Ich fahre ja nicht mit 100% offener Pumpe, die läuft zwar 100% der Zeit durch, ist aber nur zu nem viertel aufgedreht. Das heiß der Durchfluss ist nicht soooo groß. Einen Überlauf gibt da nicht.
Mal eine Verständnissfrage: Warum haben diese Malzrohrsysteme überhaupt diese Rezirkulationspumpe? Warum wird eigentlich die Würze, die unten durchläuft, oben wieder drauf gepumpt? Wenn ich die Pumpe schließe, habe ich doch praktisch einen ganz normalen Braukessel wie z.B. einen Einkocher oder ähnlich. Da wird ja auch nichts wieder drauf gepumpt, sondern nur geheizt und gerührt. Man hat hier zwar einen Totraum unter dem Malzrohr von vielleicht 3-4 Litern, aber das wäre dann auch schon der einzige Unterschied. Wenn man die Pumpe aber laufen läßt und die pumpt die unten aufgeheizte Würze oben drauf, ist es natürlich dort wo sie auftrifft am heißesten. Seitlich davon und am unteren Ende natürlich viel kälter, weil sich die nach unten durchlaufende Würze natürlich abkühlt. Es wird ja nichts gerührt normalerweise. Außer man öffnet die Pumpe sehr weit, sodass die Würze richtig weit über das Maischbett steigt, dann ist oben eine Schicht drauf, die gleichmäßig heißt und nach unten gleichmäßig durch läuft. Problem ist dann aber, es wird unten irgendwann leer laufen. Deshalb dachte ich, langsam drauf laufen lassen, langsam konstant rühren und das Ergebnis wäre gleichmäßige Temperaturverteilung.
Re: Rührwerk für Malzrohrsysteme (Brewzilla 65L)
Verfasst: Montag 29. Dezember 2025, 18:14
von Shortbreaker
Die Pumpe ist dafür da, das man eben nicht rühren muß. In der Theorie solltest du deine Rasten einprogrammieren können, einmaischen und dann erst zum Abläutern wieder nach der „Braumaschine“ schauen müssen. Wie gesagt, das ist die Theorie, aber schon alleine wegen dem justieren der Pumpe würde ich das nicht empfehlen. Aber so alle 10min mal schauen und sonst nichts tun, funktioniert schon.
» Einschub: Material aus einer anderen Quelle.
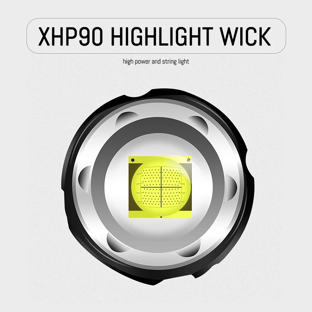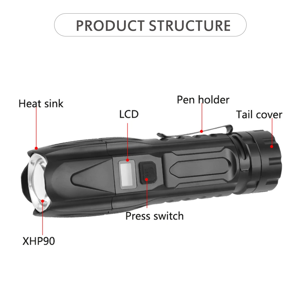 Powerful XHP90 LED Flashlight Lamp Zoom Torch USB Rechargeable XHP90 Tactical Light Camping Hunting Lamp Flash Light Torch Lamp Brand: Asafee Model: W69B XHP90 LED Flashlight Lamp Zoom Torch Lamp: XHP90 LED Product size: 16 * 4.5 * 4CM White box size: 18.5 * 6.5 * 6.5 cm Net weight: 242G Gross weight: 262g Material: Aluminum alloy Switch: Press the switch, long press to turn on-long press to turn off Battery: 1 * 26650 (not included) Charging method: micro USB charging, support power output, 5V, 1A Gear: 6 gears: low light-medium light-strong light-flash, double-click: super bright-SOS, long press for 3 seconds to shut down Zoom method: Telescopic zoom Features: tail with safety hammer with pen clip Lumens: Low light -200 lumens. Medium light -500 lumens. Strong light -1200 lumens, Super bright -2200 lumens Low voltage automatic power-off mode, OLED intelligent digital display, display gear, voltage, power and lumen Package contents: Package A 1* XHP90 LED Flashlight Lamp Zoom Torch Flashlight 1*Micro USB Cable 1 *26650 Battery 1* charger Package B 1* XHP90 LED Flashlight Lamp Zoom Torch Flashlight 1*Micro USB Cable 1*26650 Battery 1* charger 1*Car charger Package C 1* XHP90 LED Flashlight Lamp Zoom Torch Flashlight 1*Micro USB Cable 1 *26650 Battery 1* charger 1*Car charger 1*Wall plug charger 1*ABS Gift Box

Ich kenn den Brewzilla nicht, hatte aber ein Video gesehen, wo die Stange im Malzrohr hohl ausgeführt war und somit den Überlauf gebildet hat (analog zum Mundschenk). Dein Hauptguß scheint ebenfalls groß genug zu sein, was ansonstenebenfalls zu Problemen führen könnte. Als Faustformel empfehle ich ebenfalls die 2,5fache Schüttung plus dem Volumen unter dem Siebkorb.
Die Pumpe stelle ich so ein, dass die Würze bis knapp unter dem Überlauf steht. Bei (zu) kleinen Schüttungen evtl. weniger, damit der Raum unter dem Malzkorb nicht leer läuft (plätschert dann).
Bei der von dir genannten Schüttung und Haupt- und Nachgußgröße würde ich sagen, dass das Läutern bei 78°C in unter einer Stunde zu machen sein sollte. Dauert es deutlich länger oder muss der Treber sogar aufgehackt werden, war das Schrott zu fein oder es waren hohe Schüttungsanteile ohne Spelzen (z.B. Weizen) im Spiel. Reisspelzen sind meines Erachtens bei Gerstenmalzen nicht nötig.
Re: Rührwerk für Malzrohrsysteme (Brewzilla 65L)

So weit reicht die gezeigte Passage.